■ **Entries provided**
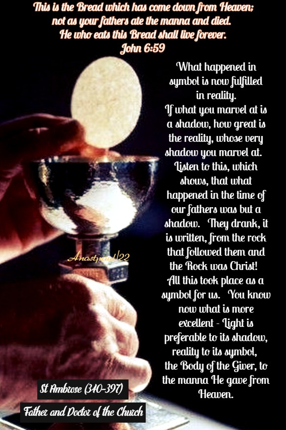 If what you marvel at is a shadow, how great is the reality, whose very shadow you marvel at. Listen to this, which shows, that what happened in the time of our fathers was but a shadow. They drank, it is written, from the rock that followed them and the Rock was Christ! All this took place as a symbol for us. You know now what is more excellent – Light is preferable to its shadow, reality to its symbol, the Body of the Giver, to the manna He gave from Heaven.” – St Ambrose (340-397) Great Western Father and Doctor of the Church (An excerpt from On the Mysteries).
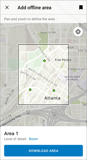 If the map is configured for offline use, you can define and download a map area by completing the following steps:
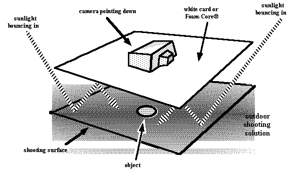 David LaPlantz once described to me a very easy solution for shooting good quality photographs of flatter objects outdoors using daylight film. You take a big white card or Foam - Core? (about 2 - 3 feet square) with the camera lens stuck through a hole in the middle of it and place your shooting surface on the ground outside. You stand leaning over the object which is in the middle of the shooting surface. The light comes in from the sides, bounces back off the ground and the edges of the shooting surface, hits the white underside of the sheet the camera is stuck through, and then bounces back down to the object providing front and side lighting for it with a very smooth and even, nice, white light. I've seen some photographs done like this that you would swear had to have been done on a more complex system.
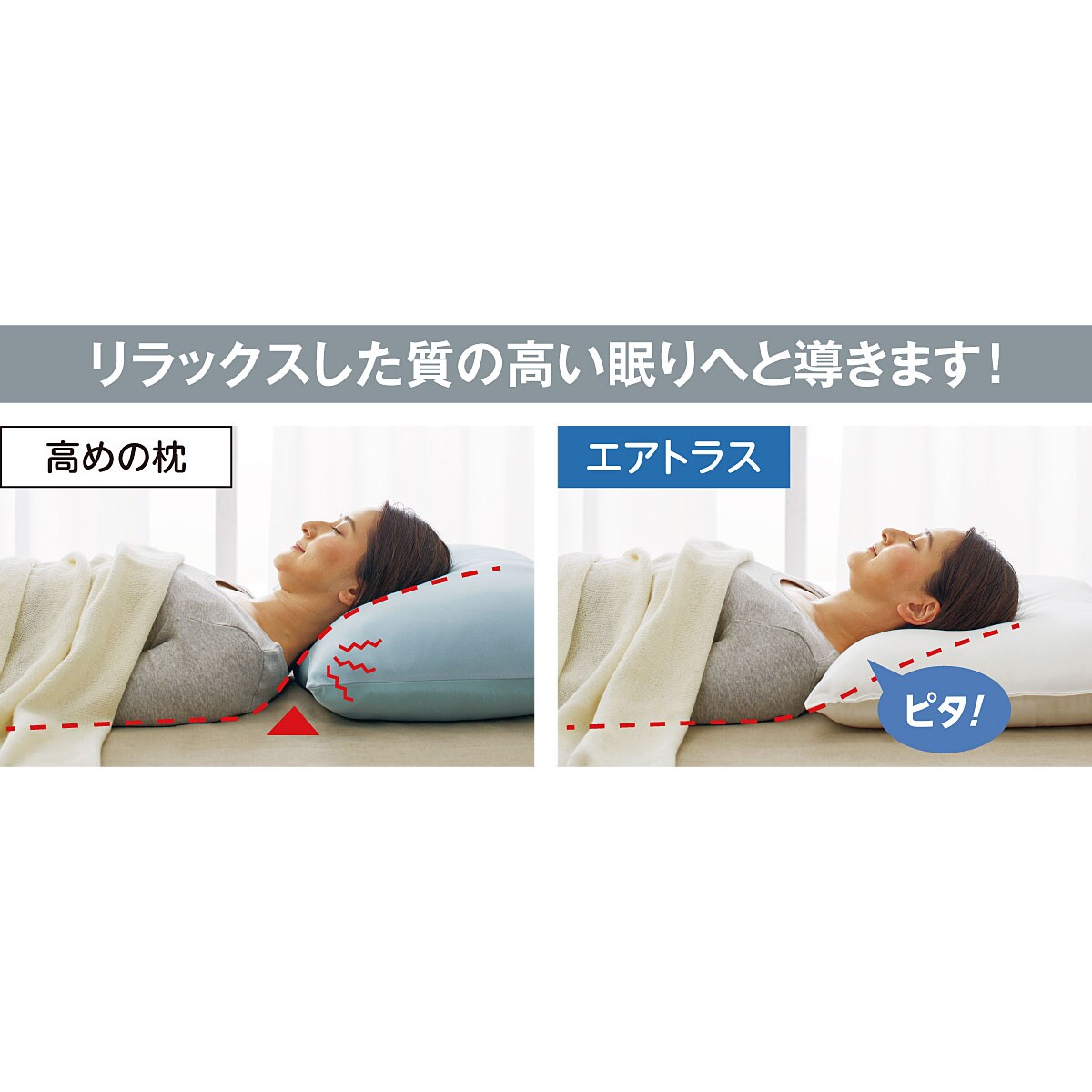 高めの枕は首と枕の間に空間ができ、肩や首、下半身の筋肉まで緊張状態に。エアトラスは頭と首が心地よくフィットし、自然な寝姿勢をキープします。
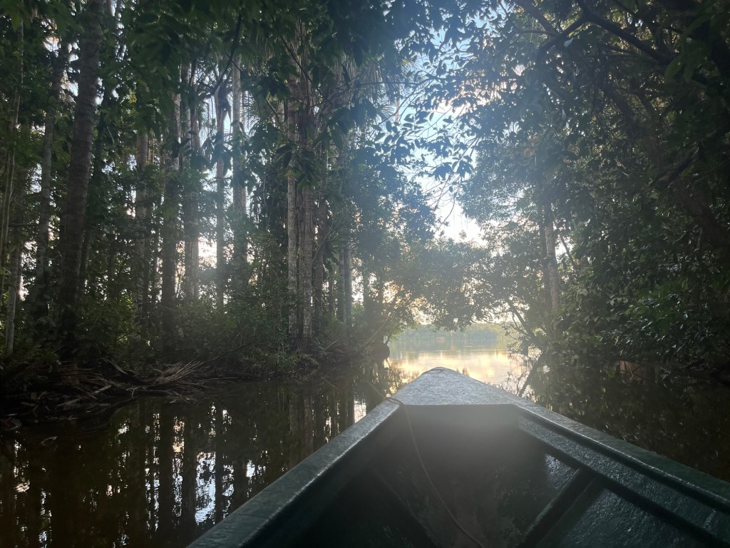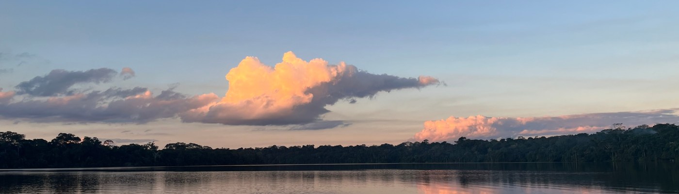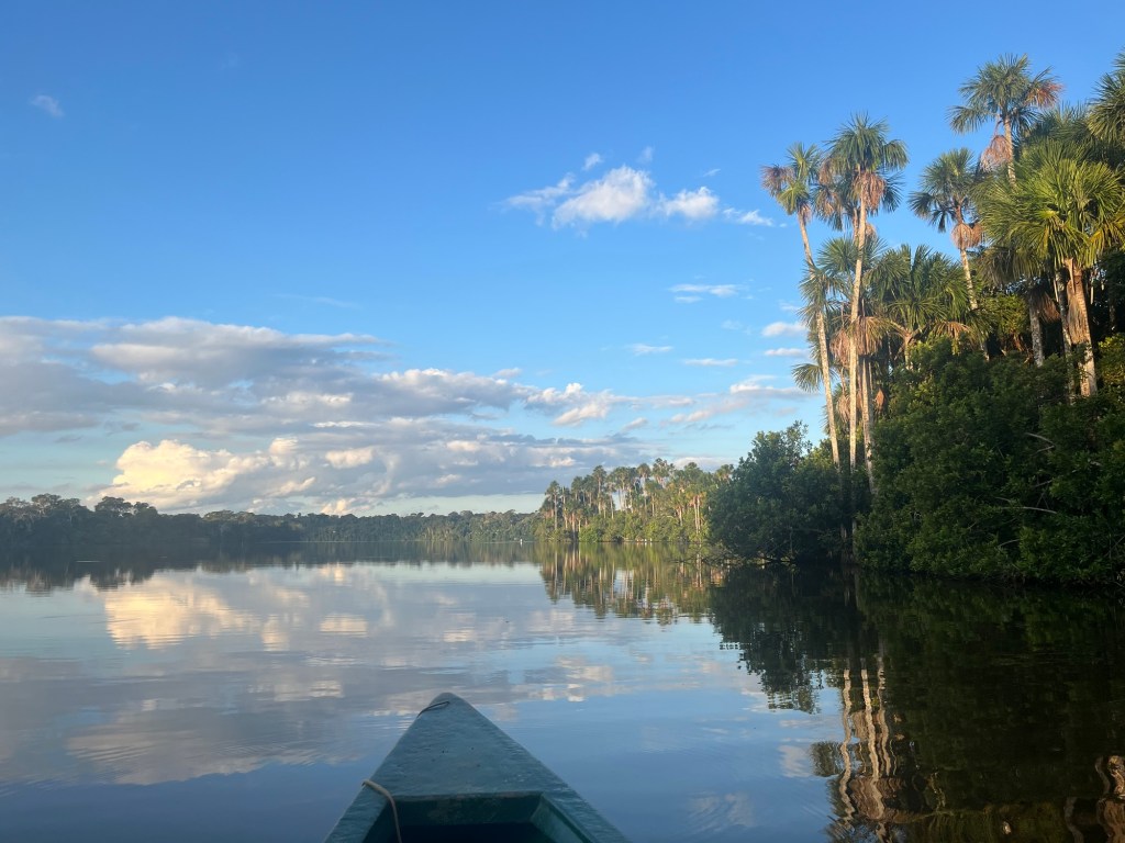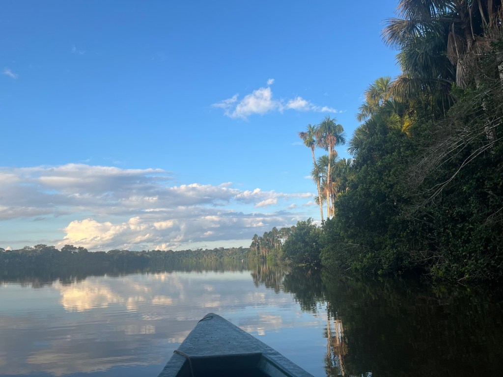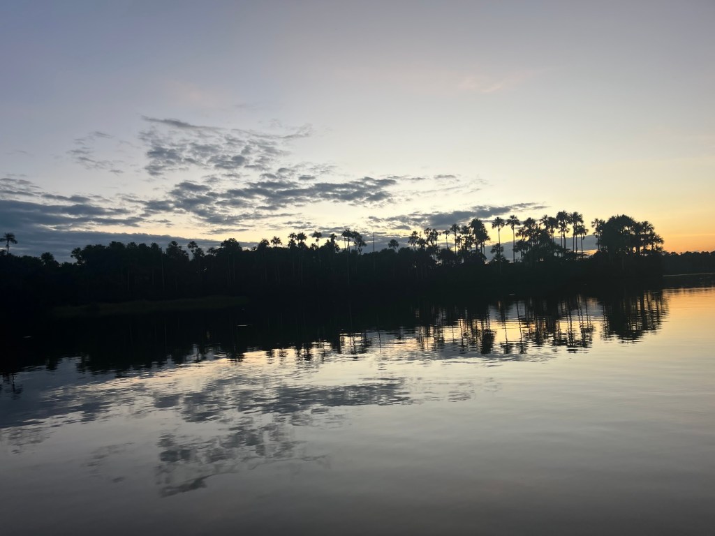 On recule prudemment, incredules, sans se quitter des yeux avec ce prédateur au calme froid. Le soleil commence à baisser et on est sans voix d’avoir vécu ça, et de pouvoir maintenant admirer les splendides couleurs du soleil couchant, au beau milieu du lac. Des perroquets bruyants viennent se poser dans les palmiers. On a l’impression de vivre un moment qui restera gravé.
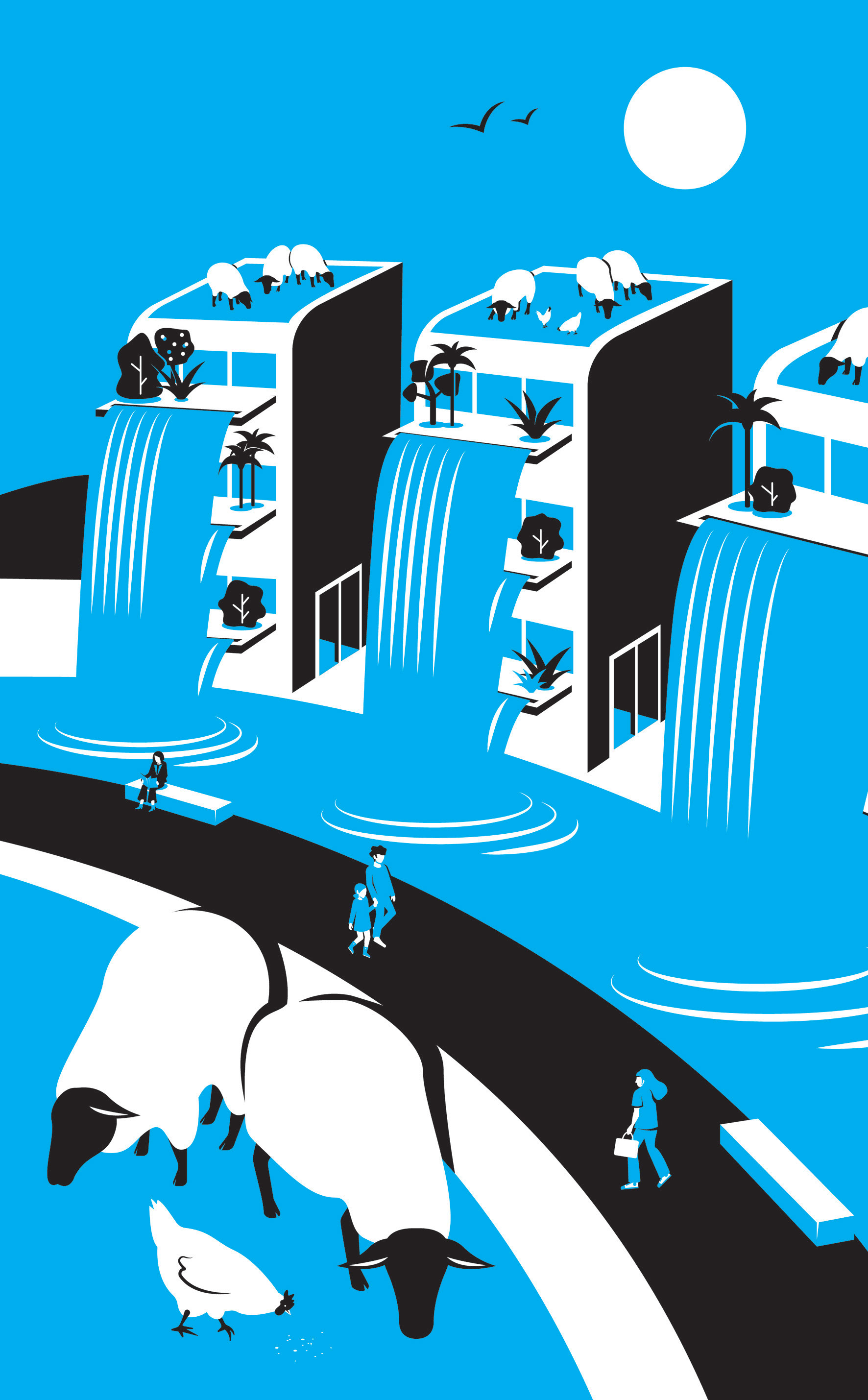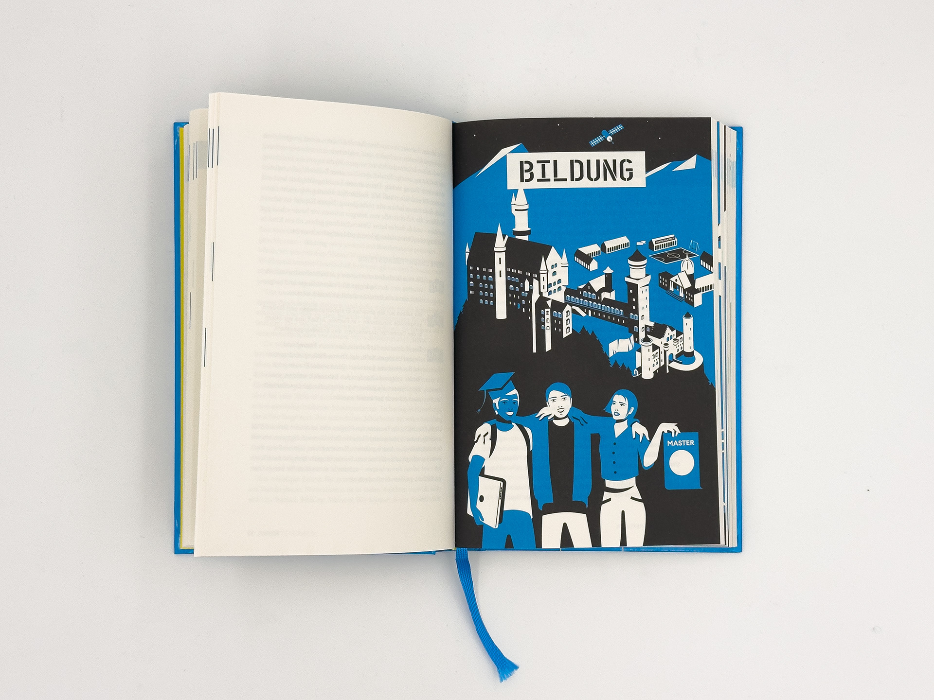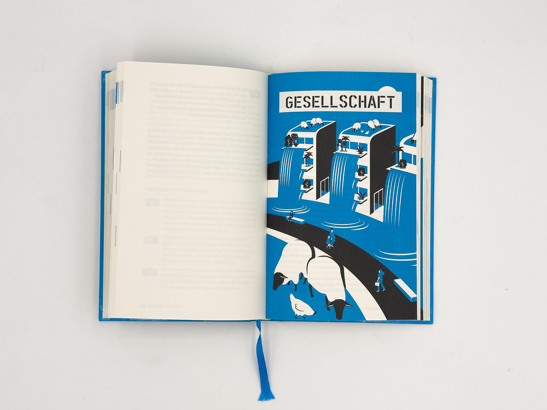 Created a series of six illustrations for Zukunftsrepublik (Campus Verlag), visualizing future-oriented ideas for Germany in 2030. The client’s challenge was to work using only the turquoise from the book cover along with black and white, which shaped the visual style.

■ **Task brief**
Exact transcription of the full listing above is required; images do not belong in it.

■ **Answer section**
 If what you marvel at is a shadow, how great is the reality, whose very shadow you marvel at. Listen to this, which shows, that what happened in the time of our fathers was but a shadow. They drank, it is written, from the rock that followed them and the Rock was Christ! All this took place as a symbol for us. You know now what is more excellent – Light is preferable to its shadow, reality to its symbol, the Body of the Giver, to the manna He gave from Heaven.” – St Ambrose (340-397) Great Western Father and Doctor of the Church (An excerpt from On the Mysteries).
 If the map is configured for offline use, you can define and download a map area by completing the following steps:
 David LaPlantz once described to me a very easy solution for shooting good quality photographs of flatter objects outdoors using daylight film. You take a big white card or Foam - Core? (about 2 - 3 feet square) with the camera lens stuck through a hole in the middle of it and place your shooting surface on the ground outside. You stand leaning over the object which is in the middle of the shooting surface. The light comes in from the sides, bounces back off the ground and the edges of the shooting surface, hits the white underside of the sheet the camera is stuck through, and then bounces back down to the object providing front and side lighting for it with a very smooth and even, nice, white light. I've seen some photographs done like this that you would swear had to have been done on a more complex system.
 高めの枕は首と枕の間に空間ができ、肩や首、下半身の筋肉まで緊張状態に。エアトラスは頭と首が心地よくフィットし、自然な寝姿勢をキープします。
 On recule prudemment, incredules, sans se quitter des yeux avec ce prédateur au calme froid. Le soleil commence à baisser et on est sans voix d’avoir vécu ça, et de pouvoir maintenant admirer les splendides couleurs du soleil couchant, au beau milieu du lac. Des perroquets bruyants viennent se poser dans les palmiers. On a l’impression de vivre un moment qui restera gravé.
 Created a series of six illustrations for Zukunftsrepublik (Campus Verlag), visualizing future-oriented ideas for Germany in 2030. The client’s challenge was to work using only the turquoise from the book cover along with black and white, which shaped the visual style.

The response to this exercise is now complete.